= Beginning of Section =
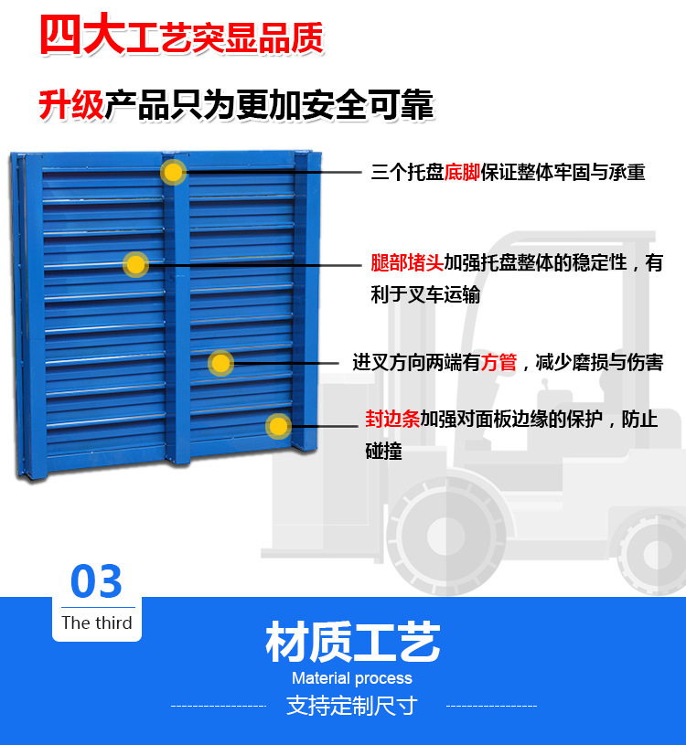 7、灵敏(四方向的刺进规划,无形中进步空间运用和操作的方便性,并且其巩固的底版规划亦契合运送滚输和自动包装系统运用)等。
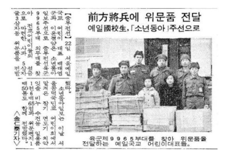 국민학교 시절, 겨울이 오면 자연스럽게 떠오르는 기억이 몇 가지 있다. 그중 하나가 국군장병에게 보낼 위문품과 위문편지를 준비하던 풍경이다. 교실마다 “국군 장병에게 보낼 위문품을 가져오라”는 담임 선생님의 말씀이 있으면 아이들은 집에서 치약, 칫솔, 두루마리 휴지, 수건 같은 물건들을 한두 개씩 챙겨왔다.
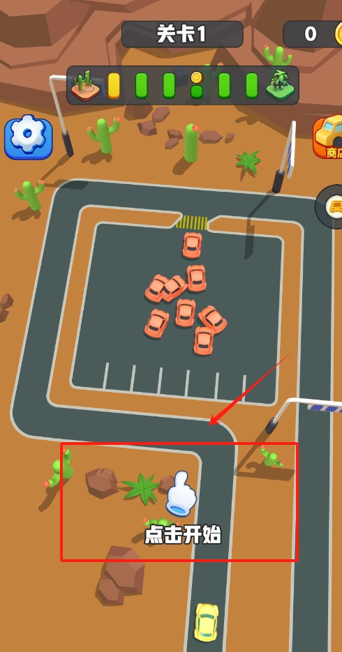 1、看到点击开始白色手指图标,点红框里的这个按钮就能进入沙漠停车场关卡开始游戏啦。
= End of Section =
* Work request: An exact printout of the listing is needed, minus any pictures it contains.

* Output of the exercise:
 7、灵敏(四方向的刺进规划,无形中进步空间运用和操作的方便性,并且其巩固的底版规划亦契合运送滚输和自动包装系统运用)等。
 국민학교 시절, 겨울이 오면 자연스럽게 떠오르는 기억이 몇 가지 있다. 그중 하나가 국군장병에게 보낼 위문품과 위문편지를 준비하던 풍경이다. 교실마다 “국군 장병에게 보낼 위문품을 가져오라”는 담임 선생님의 말씀이 있으면 아이들은 집에서 치약, 칫솔, 두루마리 휴지, 수건 같은 물건들을 한두 개씩 챙겨왔다.
 1、看到点击开始白色手指图标,点红框里的这个按钮就能进入沙漠停车场关卡开始游戏啦。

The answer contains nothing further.